The downy, black chick looked lost and alone, stranded in the middle of one of the reservoirs at the Waterworks Reserve.
At first I tried to determine what species it was because I could not see any parents near by. Then I became concerned about its vulnerability. I’m sure it had caught the attention of a goshawk, or even a raven or currawong, who would wait to see of it eventually struggled closer to the bank, where it could be speared and eaten.
I was pleased, however, to discover that my concerns had been misplaced. Within seconds a female coot had popped up from an underwater sortie, with a beak full of fresh and juicy water plants to give her off-spring a feed.
Coots are not usually a species to attract my attention – especially as I hail originally from Britain and the same species is also found there – but this year I have been looking closely at them once again simply because they are new to the Waterworks Reserve.
I wrote earlier this year of Eurasian coots invading the Browns River at Kingston Beachfor the first time and by coincidence I saw coots on the two reservoirs in the Waterworks Reserve within days.
It was early winter and I thought the coots – a party of about six of them – must just be sheltering there between movements from one reedy lake to another at the end of the breeding season. I was surprised, though, to find the coots growing in number and hanging in for the spring, and even more surprised to find a female with a single chick because I had not seen any evidence of courtship displays, or mating and nest building.
Exactly where the nest that produced the chick was situated I could not determine, but there are reedy patches between the reservoirs at the Waterworks, so it could be hidden there.
Coots lay up to 15 eggs in a clutch but they rarely produce this number of offspring. Predators take their toll and the sight of a single chick proved that the birds of prey of the Waterworks had had rich pickings of not just coots but other species this year. The goshawks, ravens and currawongs had already taken a toll on masked lapwing chicks, and black duck ducklings as they usually do at the reserve.

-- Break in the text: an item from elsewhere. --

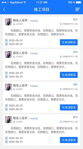 3、点击施工项目,即可清晰查看项目的名称、电话联系方式及各项细节信息

The Eurasian coot, with its sooty-black plumage and gleaming white bill and frontal shield covering its forehead, is a familiar bird across Europe and Asia as well as Australia. It is often seen running across the water’s surface or swimming in huge flocks on large wetlands, but they equally often occur on small ponds. They require submerged aquatic vegetation or mats of floating waterweed, among which they forage, diving below the surface for up to 20 seconds to pluck the stems of emergent shoots.
The evidence of coot breeding might have been good news for me in my ramblings, and nature-note taking at the Waterworks, but a family who originally wrote to be me about coots arriving at the Browns River have not been so lucky.
A month ago they informed me that the coots there were breeding, writing in an email: “It’s all happening here at Kingston Beach and we are thrilled that ‘our’ coots are nesting. They are very clever little birds as they have chosen a branch of an old pine tree that is still attached to the tree but is resting in the water. As a result it floats up and down on the tide keeping the nest dry. We have been watching the pair busily building the nest and now they are taking turns to sit on it. Fascinating.”
A week later, however, there was bad news. Heavy rain from a storm had swollen the river and the nest so cleverly placed had been washed away.